After a painful performance by Carly Smithson and Michael Johns, and more of Ryan Seacrest’s cheesy bullshit, the first three contestants of the Top 12 were revealed.
TOP 12: FIRST THREE CONTESTANTS (2/18/09)
1. ALEXIS GRACE (aka Cyndi Lauper’s stunt double). She’s boring and meek. And where’d she get that hideous wicker fedora? As a free gift for spending more than $50 at Pier 1 Imports?
2. MICHAEL SARVER, the oil worker. At least he’ll have a job to go back to when he gets thrown off Idol after the first week.

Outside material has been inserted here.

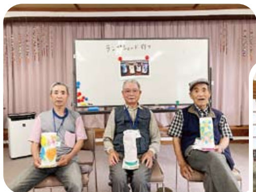
ランプシェード作り

3. DANNY GOKEY. I have to borrow a phrase from my friend Lydia to describe my feelings for this guy: I HATE HIM WITH THE FIRE OF TEN THOUSAND SUNS. Those glasses. That cocky attitude. Ugh.
Everything about him screams, “I want to quit my job at the church and start singing karaoke at a gay club.”
It all came down to Tatiana and Danny – and as mentioned above, Danny made it to the top 12 and Tatiana got sent home. She clutched her hand to her chest, and cried in the corner as Danny sang. Tatiana, you let me down, girl. I was expecting a full-on collapse, resulting in Paula Abdul having to puncture a hole in your chest with your star bracelet to re-inflate your lung.
Bottom line: Alexis Grace, Michael Sarver, and Danny Gokey are the first 3 members of the top 12. Shoot me now.
The DANNY GOKEY GLASSES COUNT is up to: 7 PAIRS OF GLASSES. Yes, Danny Gokey has worn SEVEN pairs of glasses so far. Photographic proof is in the works.